I don’t know. Better than what?
She didn’t have the flu. “It’s not a disease,” I told someone. “It’s who she is.”
Not long after Jillian was born, we had her baptized. A day or two before the event, Kerry mentioned in passing to the minister that Jillian had Down syndrome. “That’s all right,” he said. “We’ll baptize her anyway.”
We learned to interpret people’s words through the filter of their best intentions. When someone said, “I’m sorry,” what that person meant was, “I know you’re sad and disappointed now, but it will get better.” When someone said, “Will she get better?” they wanted to know if through hard work and determination, Jillian could eventually overcome her disability. Her Down syndromeness.
The reactions were a sort of foreshadowing for Kerry and me. So this is how the world is going to be: Hesitant, fearful, well-meaning and removed. It would be filled with people offering condolences.

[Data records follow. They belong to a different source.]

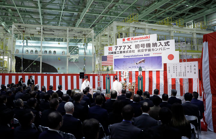 川崎重工の新工場で開かれた777X初号機用胴体パネルの納入式=18年2月6日 PHOTO: Kiyoshi OTA/Aviation Wire
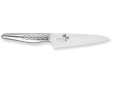 De Seki Magoroku Shoso messen zijn met hun zakelijke, elegante uitstraling een highlight in iedere keuken. Met veel technische expertise worden deze gesmede messen uit roestvrij staal geslepen en gehoond. Het resultaat is een mes met een excellente scherpte, robuustheid en duurzaamheid, en daarmee uitermate geschikt voor dagelijks gebruik in de keuken. De lemmets worden geproduceerd met de modernste technieken, en om frictie aan de snede te verminderen op een laag toerental geslepen. Daardoor is iedere Shoso bijzonder scherp en is de wrijving tussen mes en het snijgoed minimaal. Het ergonomische stalen heft met ruitjespatroon vormt een naadloze overgang naar het mooie gesatineerde lemmet van roestvast staal. De koksmessen zijn in zijn geheel vervaardigd uit staal en daardoor aangenaam licht, veilig te hanteren en uiterst hygiënisch.
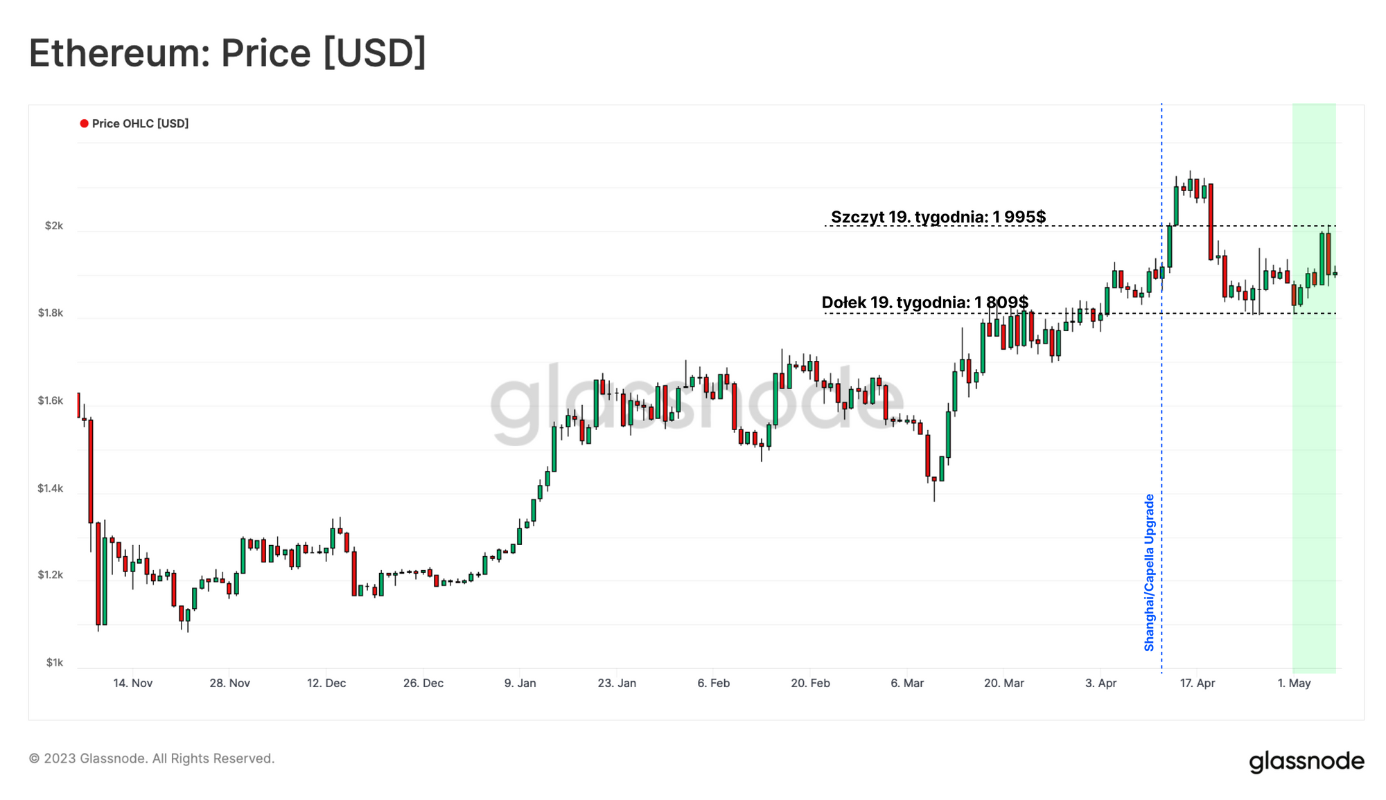 Wbrew powszechnej opinii, rynek Ethereum nie wydaje się być zachwianym przez uwolnienie tych funduszy po aktualizacji. Zamiast tego, ceny wzrosły do 2 110$ tygodzień po aktualizacji, a następnie powróciły do 1 920$, co prawdopodobnie spowodowane było ogólnym spadkiem na rynku cyfrowych aktywów.
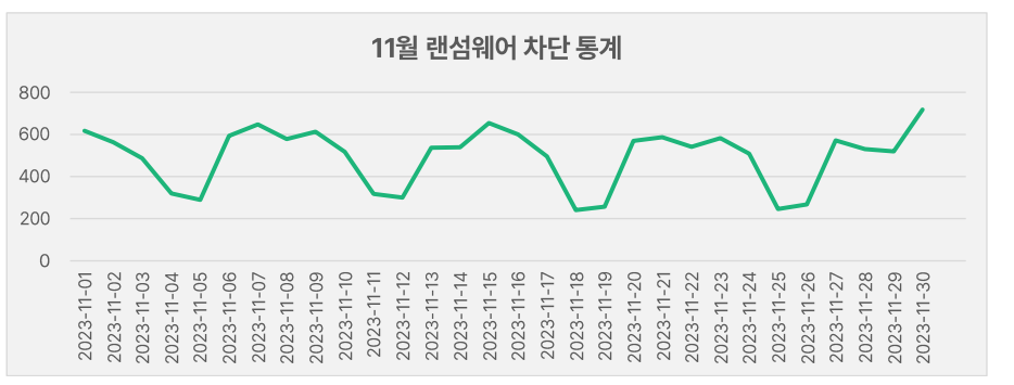 11/1 ~30 : 총 13279건의 랜섬웨어 공격시도가 차단됨 (백신알약에서)

Less than five weeks after she was born, we enrolled Jillian in physical, occupational and speech therapies. She had checkups that went far beyond the normal baby-doctor visits because babies with Down syndrome come with a giant catalog of potential health sadness: Eye issues, stomach issues, holes in their hearts that have to be closed with surgery.
Other things happened, too. Good things. Life lessons happened daily. We learned that compassion, like charity, can
be both selfless and selfish. Doing for others makes us feel good about ourselves. Attending to Jillian’s needs was part of my job as her father, of course. But in those first days and weeks of her life, the feel-good I got far exceeded the effort I put in on her behalf. Jillian needed my attention. No more, though, than I needed hers.
“C’mere, Jillie,” I’d say.
She couldn’t come here yet, not at three weeks. She might lift her head, though, and aim her gaze in my direction. I’d grab her ankles and pull her gently across the rug in the family room. “Time for your massage. People pay good money for this stuff.”
Jillian was on her back, staring up at me with perfectly round brown eyes that looked like chocolate chips. She’d started cooing almost as soon as she came home. “A-oooh,” she’d say. It was a foreshadowing of words to come. Rivers of words, torrents—not all of them sensible or comprehensible. We would never have to worry about Jillian speaking. Occasionally, we would wish she’d stop.